Karodo had previously tried to reach Jengus in order to effect his immediate return but the magics needed for the act had failed and were spent; Jengus now beyond his current reach. While Karodo’s tapestry presented victory to the casual eye, defeat had somehow cheated the spindle, loosing the thread of doom he had either denied or not perceived. Failure now loomed as a spectre shadowing his ultimate and true destiny.

The cave mouth gracing Karodo’s current position formed an opening visible from all points of the Pianathan Valley beyond, high atop the ancient mountain once known as Khalesh. There were other lesser openings upon the mountainside but all were short or false caves; used as abodes by those of the clan with prestige, might or power. However, the only true entrance that led deep down into the mountain’s soul was that of Karodo’s. Many Shamans of the Clan had inhabited its dark, cold tunnels; the downward series of caves, caverns and cavities forming a labyrinthine history of evil, dark compacts and unimaginable rites. Karodo rarely ventured beyond that of the prime cavern in which he currently sat unmoving. Something however was stirring.

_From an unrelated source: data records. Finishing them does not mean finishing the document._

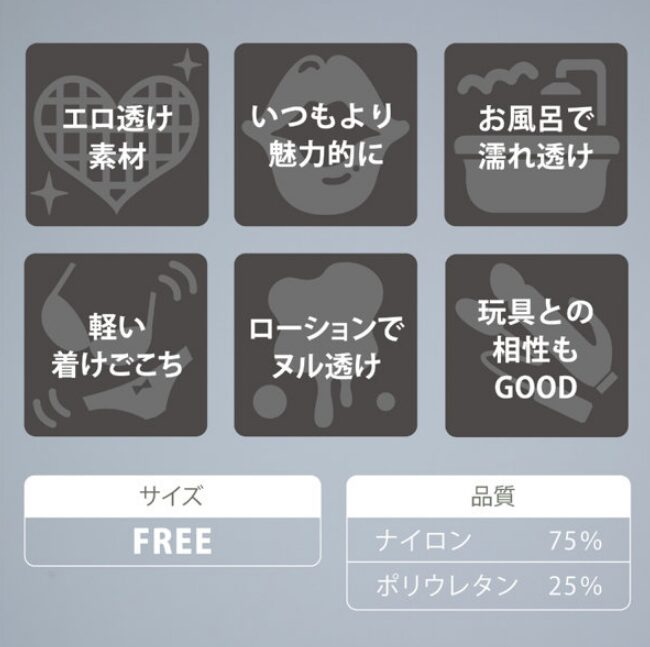 素材は、ナイロン75%・ポリウレタン25%となっており、極薄の生地で透け感があります。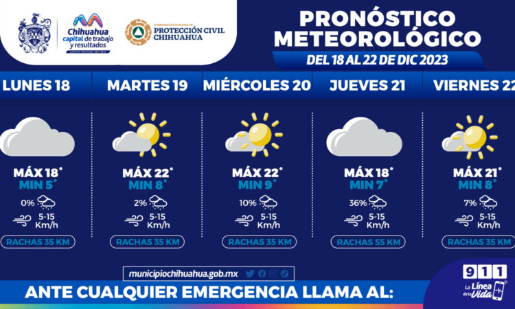 La Coordinación Municipal de Protección Civil, informa que, para esta semana, del 18 al 22 de diciembre se pronostican temperaturas máximas de 22°C con mínimas de 5°C y poca probabilidad de lluvia, por lo que invitan a resguardarse del frío y seguir las recomendaciones para evitar enfermedades respiratorias.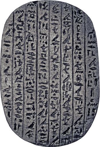 Keywords: Egyptian - Heart Scarab - Walters 4281 - Bottom.jpg This serpentine scarab has a flat underside with a vertically arranged inscription with the text from spell 30B of the Book of the Dead The back of the scarab has a detailed design with a polished surface and almost balanced proportions The workmanship is good and the piece is carefully made This scarab functioned as an independent user individualized funerary amulet with a renewal connotation and supportive function for the deceased in the Court of the Dead between 1070 736 BC Third Intermediate black-brown serpentine cm 2 7 4 4 6 3 accession number 42 81 27145 Henry Walters Baltimore date and mode of acquisition unknown Walters Art Museum Henry Walters Acquired by Henry Walters Translation Recitation of Osiris the head of beverages depot Pa-en-Ptah / Heart that I received from my mother heart that I received from my mother heart of my different ages do not stand up against / me as witness; do not contradict me in the court; do nothing against me in front of the deities; / do not treat me with hostility in front of the Keeper of the Balance You are my Ka life-force which is in my body; the creator / who makes the limbs of my body whole; you may come out to the beautiful place which is there prepared for me Do not cause my name / to stink in the presence of the members of the court who make people to resurrected at the beautiful place Excellent is it for the posers; a pleasure is it / for the judge Do not speak lies against me beside the great god / See you are elected to exist as a justified one place of origin Egypt Walters Art Museum license Ancient Egyptian scarabs in the Walters Art Museum Hieroglyphs on scarabs Heart scarabs Seth tool hieroglyph Man with staff hieroglyph |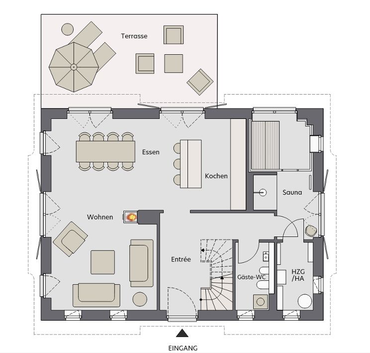 Der Außenbereich überzeugt mit einer Terrasse, einem Garten sowie gemütlichen Gartenmöbeln.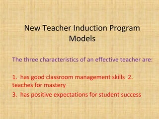 The document discusses new teacher induction program models. It describes the characteristics of effective teachers, including classroom management skills, teaching for mastery, and having positive expectations for students. It then outlines the components of a new teacher induction program, including assigning a program coordinator, developing teachers' skills through professional development, and establishing prerequisites for effective teaching.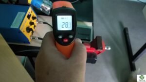 Qualquer notebook, que chega até nós seja para manutenção e/ou limpeza com troca de pasta térmica, avaliamos a temperatura de saída do ar quente na “grelha” do dissipador de calor com termômetro digital a laser. E baseado nessa medição já colocamos o equipamento em nossa bandeja plugada a USB do equipamento.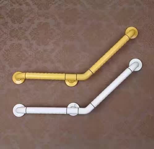 坐便器高0.45m,两侧应设高0.70m水平抓杆,在墙面一侧应设高1.40m的垂直抓杆;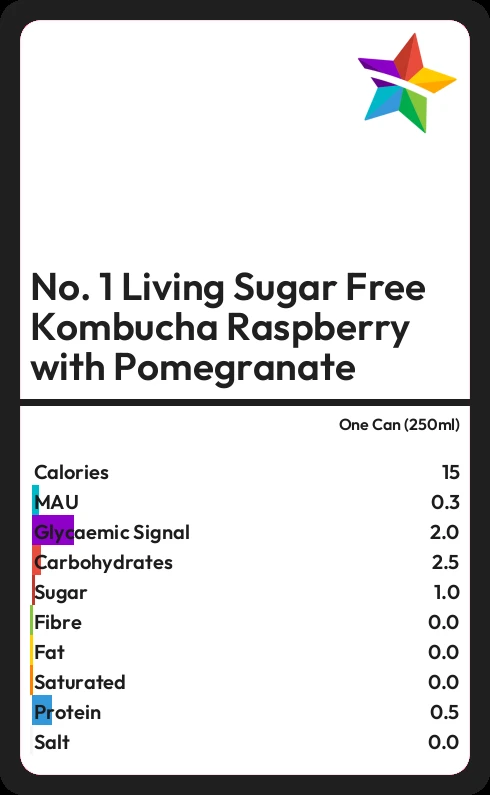 No. 1 Living Sugar Free Kombucha Raspberry with Pomegranate contains 15 calories in one Can (250ml).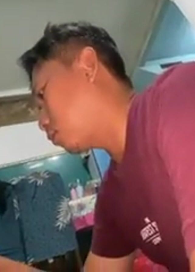 A man is adjusting a black phone holder on a flexible gooseneck stand. He is wearing a maroon t-shirt with an emblem and khaki pants. He is sitting on a mattress on the floor. The walls of the room are white near the ceiling and green closer to the floor. There is a patterned blue shirt hanging on a chair in the background, as well as a small table with a patterned tablecloth.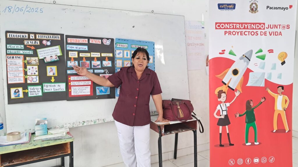 En el marco del proyecto Construyendo Juntos Proyectos de Vida, impulsado por Pacasmayo y Cutivalú, se desarrolló una nueva sesión formativa dirigida a estudiantes de secundaria de la I.E. 20138, abordando la temática de salud sexual y reproductiva desde un enfoque educativo y preventivo.

A dark wind blew hesitantly but with increasing determination through the cave mouth. Its gusts began to penetrate the entrance and then deeper, stirring befouled air long undisturbed in the bowels of the massive mountain. Karodo’s outer dormancy and quiescence were maintained for a further portion of time as the dry wind stole past his form. Then he acted.

Like a spring loosed into action, he set about calling the highest spirits he could control to his hand, one after the other in a dark panoply of shadow. In a frenzy unlike anything he had ever done before, he then began a set of magics to augment, enhance, reinforce and defend his cave. The spirits, drawn into accord by a mighty cacophony of magic then empowered the defences of the cavern with ruthless efficiency, each achieving some task of importance, awaiting the moment to unleash their dark power upon the slightest intruder. In a further layering of powerful magics, Karodo redoubled his efforts defending the cave to the point of impregnability. While he now bore an awareness of defeat’s skein, it would have to penetrate the terrible magics of his cave to catch him.

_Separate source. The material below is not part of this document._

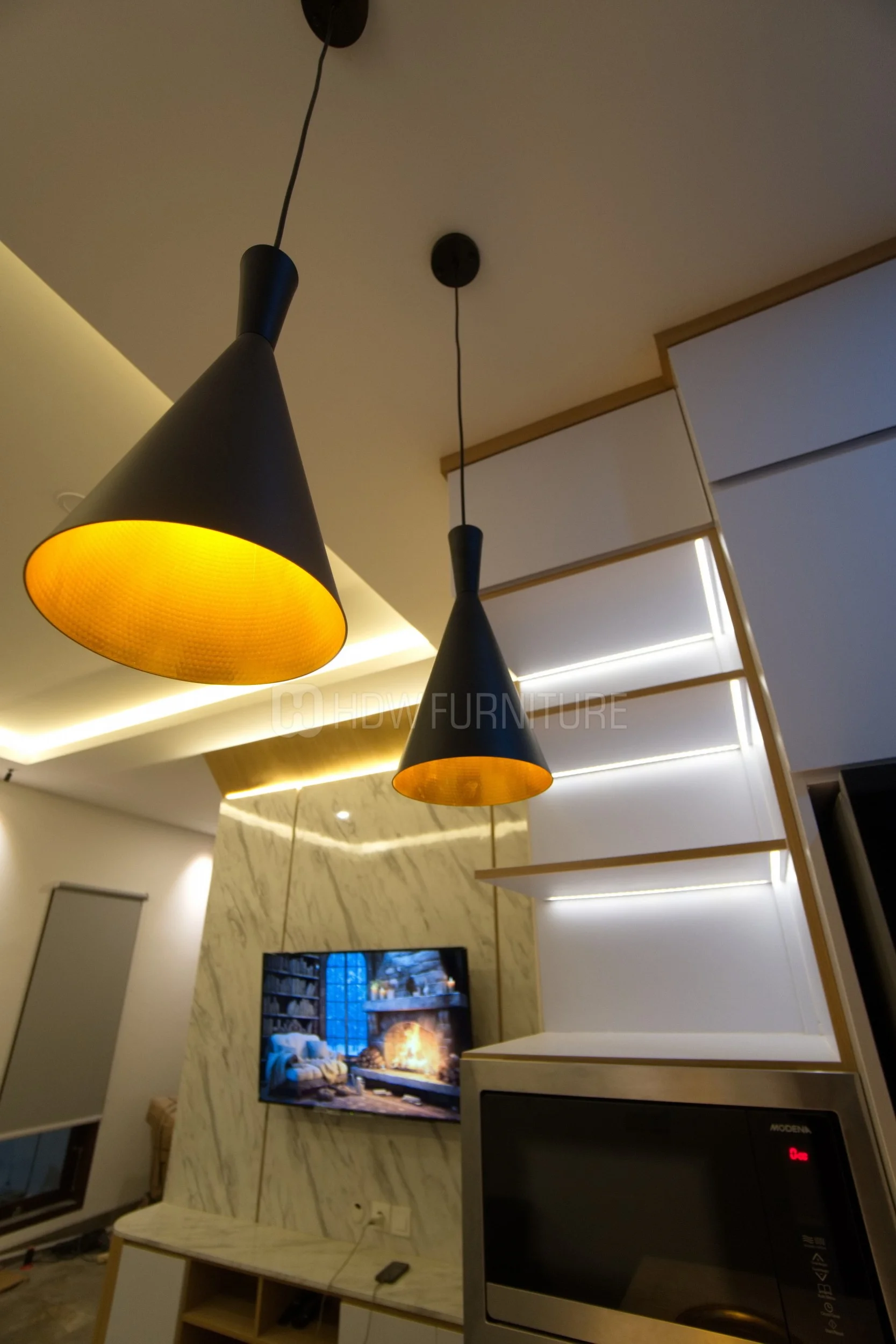 Lampu gantung di atas island jadi focal point yang langsung bikin ambience naik. Simple, tapi efeknya terasa banget.

Karodo stood casting a critical gaze as it were across the detailed defences, making requisite adjustments here and there until satisfied. It was during these quiet moments, the thoughts of external threats momentarily forgotten that Karodo’s mind searched for the unusually quiet demon spirit that so annoyingly possessed him. He felt… nothing. And then fleeting across Karodo’s acute perceptions was a quickened almost insubstantial node of evil that could only be the demon spirit fleeing from his internal reach. Like an unsettled dot of quicksilver, it continued to evade his grasp. Quickly losing patience with the exercise, Karodo returned to the sacrificial Lahrum.

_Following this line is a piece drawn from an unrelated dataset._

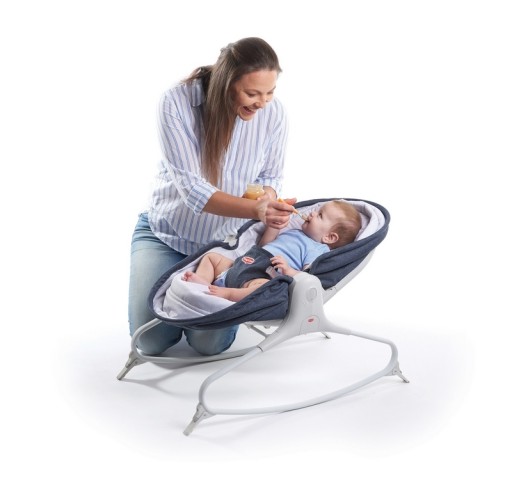 Це ідеальне місце для розваг. Ми робимо це, піднімаючи спинку в положення лежачи і складаючи блокаду спереду і ззаду - таким чином ми перетворюємо баунсер в качалку і активне місце для гри.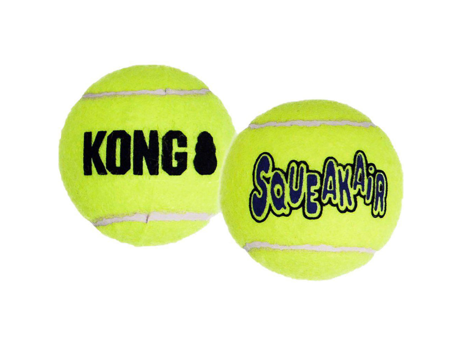 • KONG SqueakAir® Ball kombinerer to klassiske hundelegetøj - tennisbolden og squeaker-legetøjet - for at skabe det perfekte hentelegetøj. Vores holdbare Squeak air® tennisbold af høj kvalitet slider ikke på din hunds tænder. Den er lavet med en speciel ikke-slibende filt.

As Karodo approached the tainted granite slab with the winds increasing impact gusting past him, a thought crystallised as he sensed anew the quickly putrefying head of Ugari wedged upon the ceremonial spear. There was of course an option he could take to further his immediate chances of surviving any break or unravelling of the prophecy he had so carefully revealed and nourished. He ruminated for several moments longer before his distorted faculties reached consensus. He would bargain a consultation, seeking the aid of something that had been fearfully left alone for many years in one of the deepest, most ancient caverns. 

Karodo began making suitable preparations to travel deep within the mountain structure; he collected several items of importance from the Lahrum as well as a pouch containing the dust of several diamonds. He now sought a place he had only ever been to twice before and with mixed results – one time he received an important seed of wisdom and the more recent he was totally ignored. While he sought advantage as many Pianathan Shamans in the past had done, the ancient cavern and its even more archaic occupant were unpredictable at best. With a certain level of strength, he then took the cold spear (head and all) from the ground, clutched it tightly in both hands and then proceeded to use it like some bizarre symbolic lantern of sahdow to light his even stranger journey downward, into the Black Heart of the Khalesh peak. 

***​
_High upon the mountainside overlooking The Lake of Souls, Lucifus despairs at the size and quality of his current catalogue, unknowing of imminent attention …_

With dusk hazing the sky in tints of fractured pink to deep mauve, and the celestials above sprinkling across the sky like some nebulous dusting of scattered diamonds, Lucifus attended his various adjuncts and devices that had been held within the two salvaged chests. He had hastily conjured a standard stone cottage from an archaic scroll, most likely penned long ago by the master of his former master. The stone dwellings construction felt austere to the point of archaic, unlike his own “Grandee’s Cottage”, which he considered far more comfortable and conducive to both erotic activity and meaningful study.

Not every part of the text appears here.